Upgrade to Pro — share decks privately, control downloads, hide ads and more …

The Graph Based Enterprise

Avatar for Djimit Djimit
January 21, 2026

The Graph Based Enterprise

This deck reframes operating model evolution as a diagnostic problem, not a maturity journey. It argues that in the age of AI and fast feedback, the “comfortable buffer” between intent and execution disappears, so linear org charts and stage based maturity models stop explaining reality. 

1) The Great Flattening compresses the decision stack
• The deck contrasts a legacy linear stack (strategy, portfolio, program, project, execution) with a flattened kinetic model where distance collapses, and “thermodynamic pressure” rises when alignment breaks.
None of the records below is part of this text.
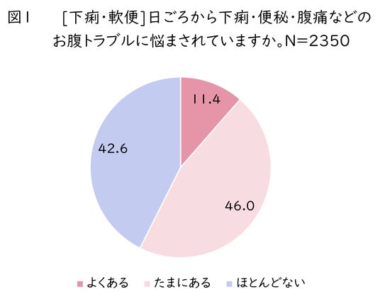 悩む人は全国で約6割。 日ごろからお腹のトラブル(下痢・軟便)に悩まされていますか、という質問に対し(図1)、「よくある(11.4%)」、「たまにある(46.0%)」と、合わせて57.4%の人が“ある”と回答しました。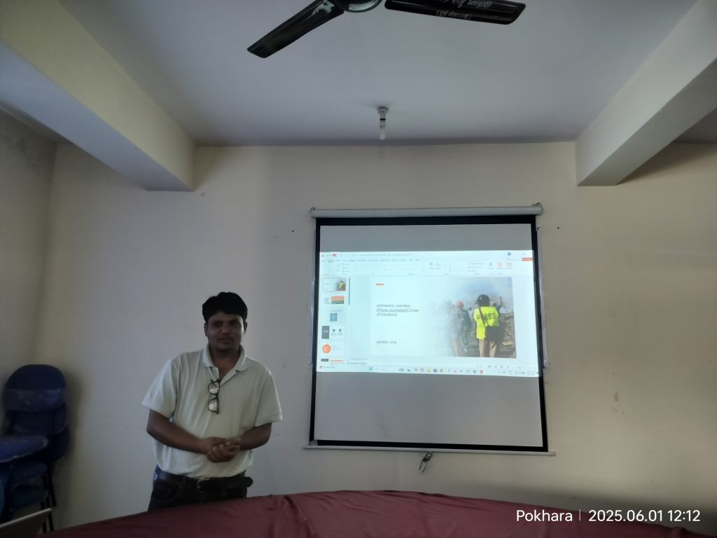 तालिमको पहिलो दिन सहजिकरण गर्दै वरिष्ठ फोटा पत्रकार एवंम संरक्षणकर्मी कृष्णमणी बरालले फोटो पत्रकारिताको आचारसहिता सहित फोटो पत्रकारिता गर्दा आफुले भोगेका चुनौतीका बारेमा अनुभव सुनाए ।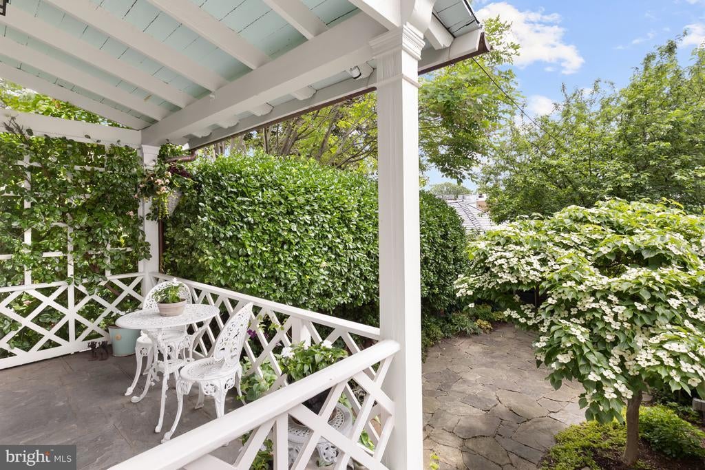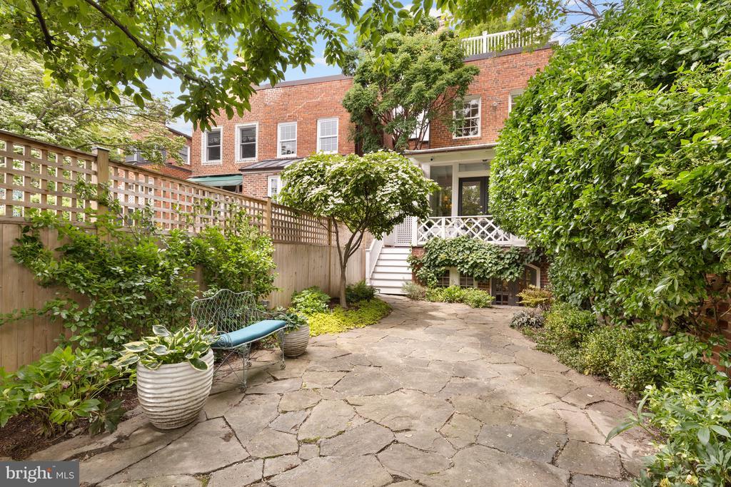 OPEN HOUSE CANCELLED. Beautifully Renovated and Maintained this Federal-Style home offers hardwood floors, large rooms, multiple decks overlooking a Lush Garden, Quaint Stone Terrace and Detached Two-Car Garage. Enter the Main Level through the deep Foyer opening to a spacious Living Room with Fireplace and Deck providing a cozy Outdoor Seating Area and access to the Garden below. Formal Dining and Renovated Gourmet Kitchen, Top-of-the-Line Appliances providing Filtered Water and a Breakfast Bar complete the Main Level. The Second Level features a large Primary Bedroom with En-Suite Bath, Second Bedroom, Full Bath and Custom-Built Office providing access to the Upper Level. The Top Floor, a roomy Loft-Style Studio/Bedroom, with Full Bath opening to large Roof Deck overlooking the Garden with views of the Village. The Lower Level provides a potential In-Law Suite with Kitchen Area, Separate Bedroom, large Laundry and Storage and two points of egress. Additionally, a sophisticated Security System provides cameras at both front and back entrances and the alley.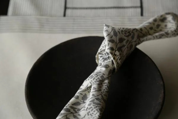 These beautiful cotton hand block printed napkins are sustainable and eco-friendly. These hand crafted napkins are perfect for cocktail parties. They are traditionally hand block printed with natural pigments in black and grey.

Page 2. 
• The practical implication is that strategic drift becomes normal unless teams can trace day to day work back to strategy, quickly and credibly. 

2) Evolution is a loop of constraints, not a ladder
• Operating model change is presented as recursive loops, not sequential badges. The “Five Acts” act as constraint loops that can coexist across domains, predictability, coherence, agency, value modeling, convergence. Page 3. 
• Market shocks can regress the system, so resilience depends on the quality of the diagnostic loop, not on claiming a maturity level. 

3) The operating model is the superimposition of four graphs
The core thesis is that your operating model is best understood as four interacting graphs, each mapped to a body system metaphor. Page 4. 
• Graph 1, Intent (nervous system), the flow of rationale from signal to insight to opportunity to bet to outcome, with confidence along the chain. “Zombie” work shows up as activity that cannot trace back to a strategic node, it consumes resources without intent. Page 5. 
• Graph 2, Context (skeletal system), autonomy requires boundaries. Teams need explicit domain seams and platform connections, otherwise “undefined chaos” expands and teams act without permission or clarity. Page 6. 
• Graph 3, Collaboration (circulatory system), interaction is a tax. The goal is to convert expensive dependency knots into clean interface contracts, shifting from meetings and syncs to APIs and services. Page 7. 
• Graph 4, Investment (metabolic system), fund streams not projects. Project funding creates stop start friction and destroys learned context, value stream funding preserves a persistent domain and enables continuous betting. Page 8. 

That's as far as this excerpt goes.